Monday, December 8, 2014

The Jungle: Evicted (Again)

As of late, I've been posting mostly on the tiny house village end of my focus since that is where most of my energy is right now. But today we return to take a look at tent cities, and it's largely the same story unfolding yet again, albeit on a larger scale.

"The Jungle" along San Jose's Coyote Creek has become an infamous American encampment over the past few years, with the estimated 200-300 people spread out in separate "neighborhoods" over 68 acres of residual space. But on this past Thursday, bulldozers and city workers entered the site in yet another attempt to put an end to this congregation of those with no place else to go.

Karl Mondon / Bay Area News Group (Source: San Jose Mercury News)

It was a familiar scene since the camp had just been evicted from the same site in late April of the previous year, only to return shortly thereafter. That's right, the city is spending around $500,000 to clear out the camp for the second time in less than two years. The justification for another eviction was based on environmental concerns, along with another familiar argument from city officials—the conditions are intolerable.

"This site is no longer open for any individuals," Bramson [the city's homeless response manager] said. "The fact that anyone has to live in conditions like this is horrible. This shouldn't be a viable alternative for anyone. We need to make sure that people never have to live in a place like this." (Mercury News)

And yet again, city officials choose to only see health and safety hazards, and blatantly ignore the human tendency of banding together to live in community when left with no place else to go.

The Jungle works for the people who live there, providing a sense of community, a support network, even a meager livelihood.
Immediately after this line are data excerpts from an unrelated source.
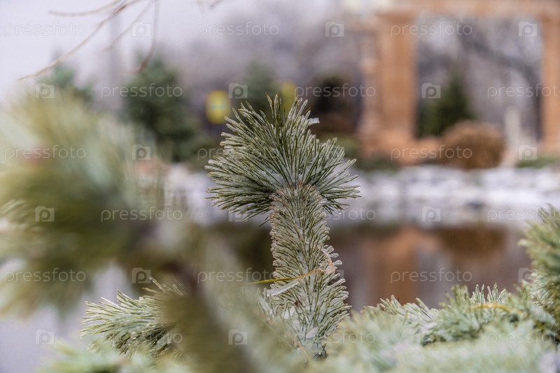 Геленджикский курорт зимой, парк после морозного дождя. дерево со снегом и здание на заднем плане
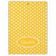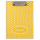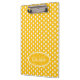 Modern bright warm yellow polka dot pattern clipboard. Customise this clipboard with your name and your family initial on both the front and back of the clipboard. Currently reads Charlotte M. Ideal personalised gift for girls and women studying at school, college or university whom want a distinctive named clipboard to use to make notes. Designed by Sarah Trett for www.mylittleeden.com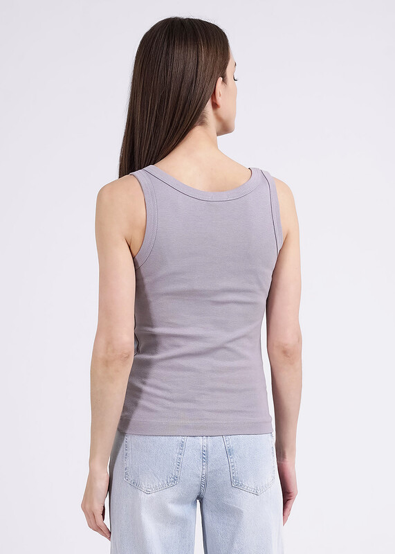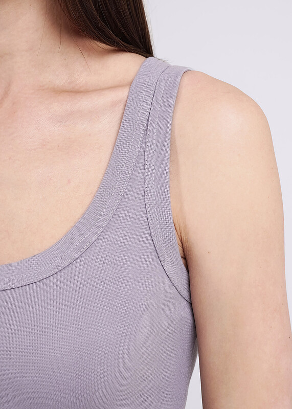 Майка из хлопкового трикотажного полотна рибана. Умеренный объем. Широкая бретель, округлая горловина. По горловине и пройме окантовка.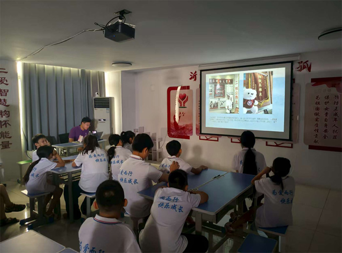 在進行系列參觀、調研活動之后,“沭火新光”宣講團成員帶著實踐收獲與理論思考,將實踐成果轉化為面向不同群體的宣講實踐。7月8日上午,團隊成員與小樹林支教團攜手聯動,走進臨沂蘭山區向支教團的少年們宣講和分享團隊在此次實踐活動中的感受與成果。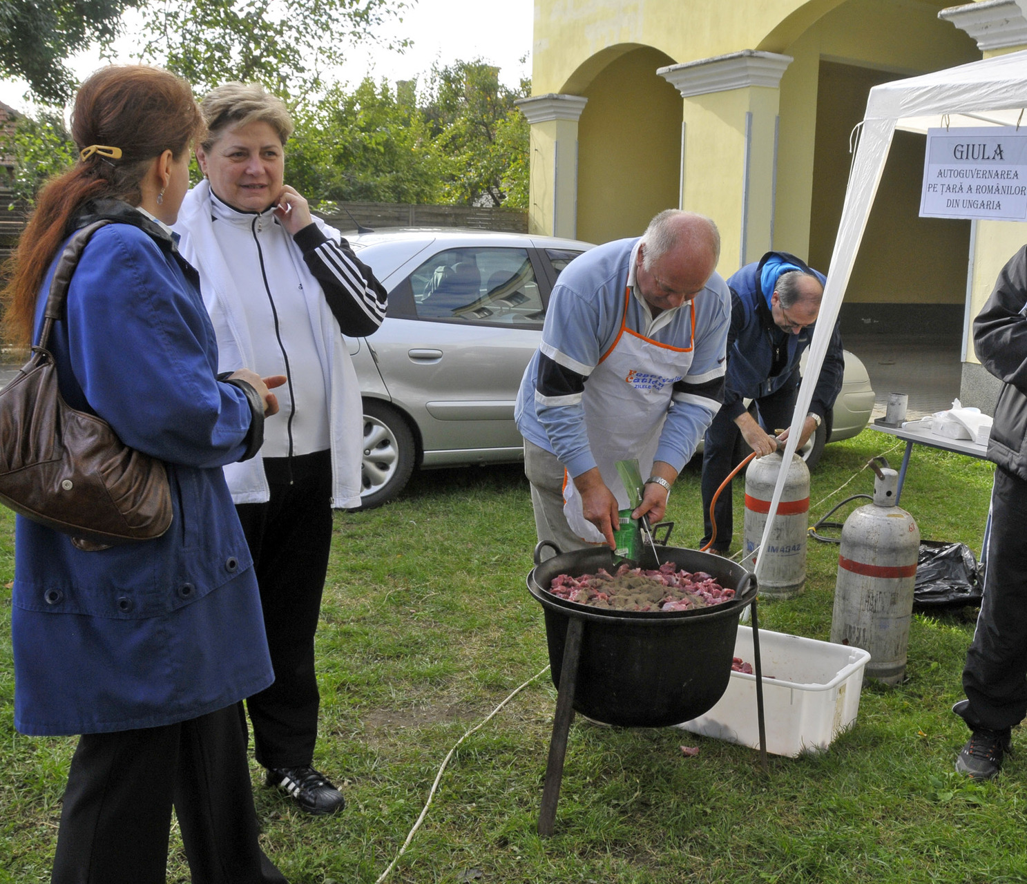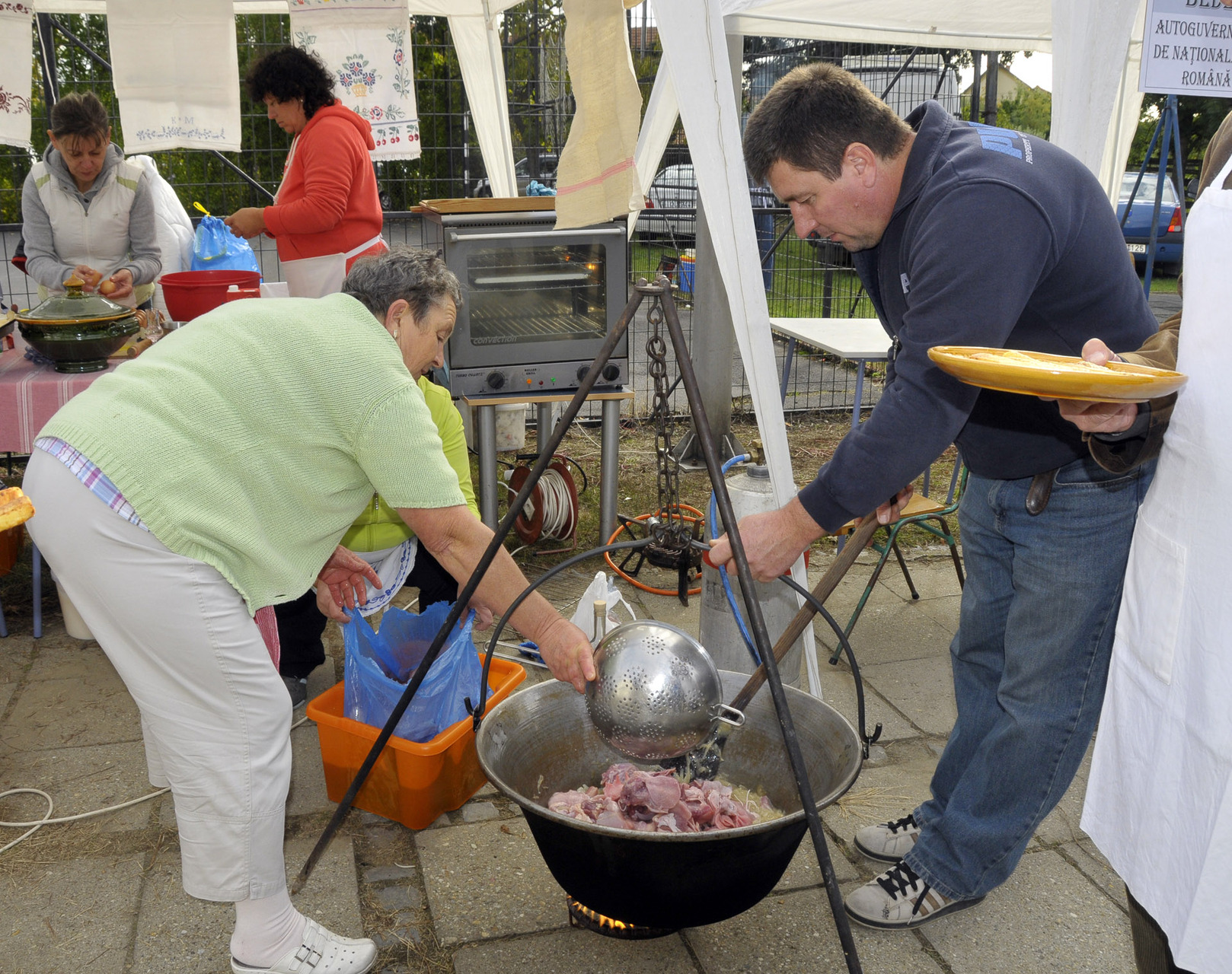 Készült itt mindenféle étel, de természetesen nem hiányozhattak a jellegzetes romániai étkek sem, úgymint a háromféle húsból készült miccs, a szőlőlevélbe tekert tőtike, vagy a pacalleves. A versenyen nagy számban vettek részt csapatok a magyarországi román településekről, román oktatási intézményekből. Városunk legtávolabbi vendégei Moldáviából jöttek, de érkeztek Tomesdről, Budurászáról, Lippáról és más romániai településekről is.

The Jungle has its own crude system of governance, with order often maintained vigilante-style, residents say. "Any time people break the rules, they're asked to leave," said a longtime inhabitant, known as Giggles. "As much as we don't like rules, you have to have them." Most of the people who live there didn't choose to be homeless, but now that they are, the Jungle meets their most basic needs. (Mercury News)

If you listen to the people being evicted for just one minute, it's obvious that amidst this "sunken subdivision from hell" there were some positive things happening that could be further developed as part of a nuanced response—where legal recognition could provide the ability to improve physical and organizational infrastructure.




Instead, the city's "homeless response manager" once again clung to conventional, short-term responses—defending the move yet again with expensive, temporary housing subsidies that do little to address the actual situation beyond public relations padding. They tell you that people have been placed in housing, but never clarify for how long.

Bramson said the city is doing everything it can to ease the crisis: 144 people had been placed in housing, and another 55 have housing subsidy vouchers and are looking for homes through this pilot program. An additional 70 to 80 temporary shelter beds also had been arranged. Officials hope the cleanup of the Jungle will show that local government can help get the homeless into housing as well as clean up polluted creeks. (Mercury News)

Some have plans to organize a new camp at a different site while others have committed to returning to "The Jungle" once again after the city lets their guard down. On the other hand, the city has committed to using police working overtime to patrol the site to make sure that it is closed for good. But unless they want to see the same headlines and videos next year, they should probably try some more proactive responses that involve listening to the people they are planning for.